I live in an shuttered mill town; the mill closed nearly 40 years ago. Many of the places my children explored while growing up were forbidden relics. They would creep up the rotting stairs of the county’s first cinema, no bigger than many home theatres, to view the still-open projectionist’s log. They would hunt snakes and crawfish under the old general store. They even made excursions into the old mill itself, until it burned sown in a succession of surprisingly large fires. Those fires were probably the dire consequence f misguided environmental policy—of which I may write on another day.

There is another old relic at the heart of town, one that the state and its rational engineers tried to destroy: the old bridge. The old bridge was built in the 20’s, when Bynum was the end of the paved road. A cement roadbed still extrudes from the north end of the bridge up to the second general store where it ends in blacktop.

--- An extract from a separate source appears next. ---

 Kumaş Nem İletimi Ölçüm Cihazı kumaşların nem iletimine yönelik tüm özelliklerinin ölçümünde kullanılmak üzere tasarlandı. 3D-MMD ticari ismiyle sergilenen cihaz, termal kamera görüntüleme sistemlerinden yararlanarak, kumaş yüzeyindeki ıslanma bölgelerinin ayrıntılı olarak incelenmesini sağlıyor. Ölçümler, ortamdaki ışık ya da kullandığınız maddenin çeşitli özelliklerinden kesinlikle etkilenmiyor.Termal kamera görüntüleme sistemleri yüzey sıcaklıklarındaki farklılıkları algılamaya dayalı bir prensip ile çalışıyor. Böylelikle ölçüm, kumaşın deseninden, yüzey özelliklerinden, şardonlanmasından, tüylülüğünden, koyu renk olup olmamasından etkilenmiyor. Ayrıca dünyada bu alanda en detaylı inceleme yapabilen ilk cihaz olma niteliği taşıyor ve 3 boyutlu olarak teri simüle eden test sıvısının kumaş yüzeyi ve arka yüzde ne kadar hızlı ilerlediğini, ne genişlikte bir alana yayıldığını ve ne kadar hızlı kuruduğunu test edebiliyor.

When 15-501 was paved, it swerved to miss the town, crossing the Haw River just upstream. Some old timers claim they avoided the town so folks could drive from Chapel Hill to Pittsboro without being shot at. That was a lucky break, because it preserved a quiet community and the one lane bridge crossing the river by the old mill.

When the State was planning to make 15-501 a divided highway, they first scheduled the old bridge for destruction. Tear it down, make it bigger, and folks can drive through the town during the highway construction. This, of course, would years later still encourage impatient folk to speed through town to get past a slow school bus on the highway. The free-ranging flash crowds of dogs that characterize Bynum would have been quickly culled. So the unincorporated town protested, eventually successfully

In a fit of petulance, the State next announced that they would tear the old bridge town, cutting the town in two. Not up to standards. One lane bridges are outmoded—you might have to wait on one end for the other driver to cross. Finally, after more protest, the State relented, but still insisted on blocking each end to prevent traffic crossing.

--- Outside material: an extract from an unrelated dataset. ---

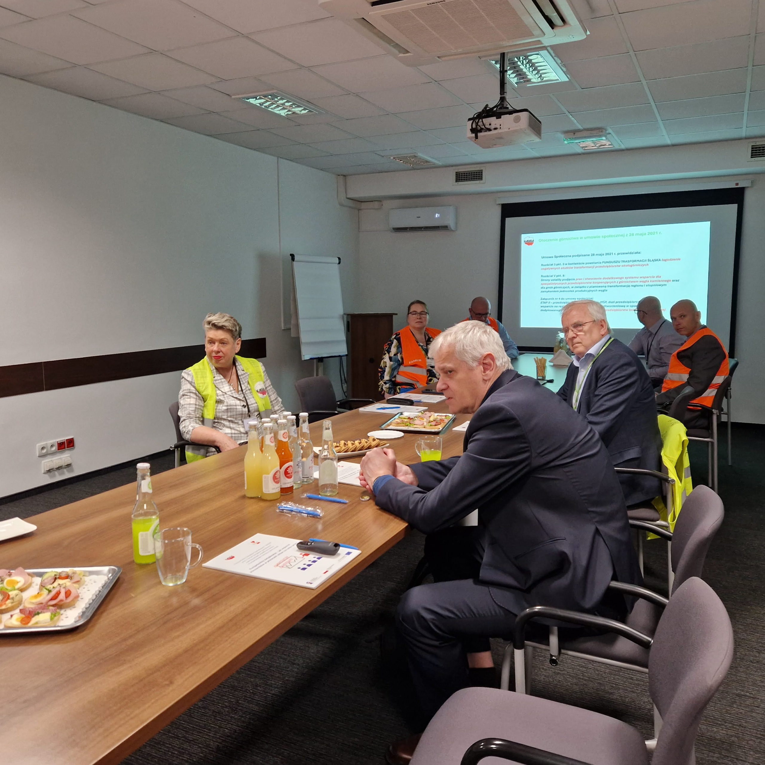 W czasie spotkania Przewodnicząca Joanna Kwiecień skupiła się na prezentacji sytuacji w sektorze otoczenia zakładów górniczych i na procesach transformacyjnych w firmach okołogórniczych – szeroki kontekst i zasięg oddziaływania transformacji m.in. na pracowników firm i mieszkańców. Prezentacja skupiła się na rosnącym znaczeniu rozwoju instalacji wiatrowych w Polsce, sposobie prowadzenia dialogu społecznego na przykładzie w firmie Famur, dotychczasowych działaniach związku zawodowego na obszarze sprawiedliwej transformacji. W czasie spotkania zatrzymano się również na wnioskach dotyczących wsparcia firm z otoczenia górnictwa zgodnie z zapisami umowy społecznej z 28 maja 2021 r.

PumpkinHappy.jpgIn central Carolina, there is a tradition of placing jack-o-lanterns on country bridges at Halloween. Higher speeds on newer roads have made that dangerous. New designs offer no ledge to place the pumpkins on. But the old Bynum Bridge, with its squared off concrete sides, can still hold and display the giant squash. Now blocked off, a virtual 1/8th of a mile walking plaza, the old bridge has become Pumpkin Display Gallery for the whole county.

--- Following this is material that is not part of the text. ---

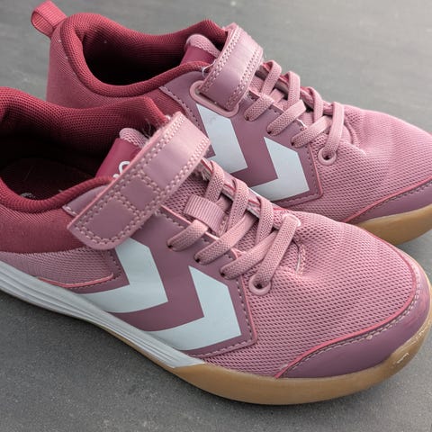 Filtede sko til børn i størrelse 30 - det ligner uld, men ikke sikker. Skoene er grå og har gummi slå. De har en justerbar velcrorem over vristen for nem på- og aftagning. Perfekt til små fødder. Der er lille læderdetalje foran på remmen. Egnede som hjemmesko eller indendørssko til børn. Kan ikke huske hvor de er købt. Uden huller eller andre fejl.

Last night there must have been 80 or so carved vegetables. A few were traditional, albeit better than I ever manage. Others offered radical designs, or were carved with linoleum cutters, and awls, and who knows what to produce translucent cave drawings, and demonologies, and even nature scenes. Some were influenced by Bosch, or Durer, or the rock painting of the Anastasi, or the folk art of the Mexican Day of the Dead. There was even a small can of pumpkin pie filling with a votive candle in front.

PumpkinDemon.jpgLater in the evening, two nameless individuals began drumming at the end of the bridge. There were wearing costumes with a line of glow-sticks sewn down each limb, making a read stick figure, and a blue stick figure that danced, and drummed, in the dark. When their performance was over, they vanished into the dark. Their performance made a fine end to the evening.

It was a triumph of local good will and creativity over the single purpose engineering of the Department of Transportation. Halloween evening was just one other experience of what makes Bynum a special place to live and raise a family.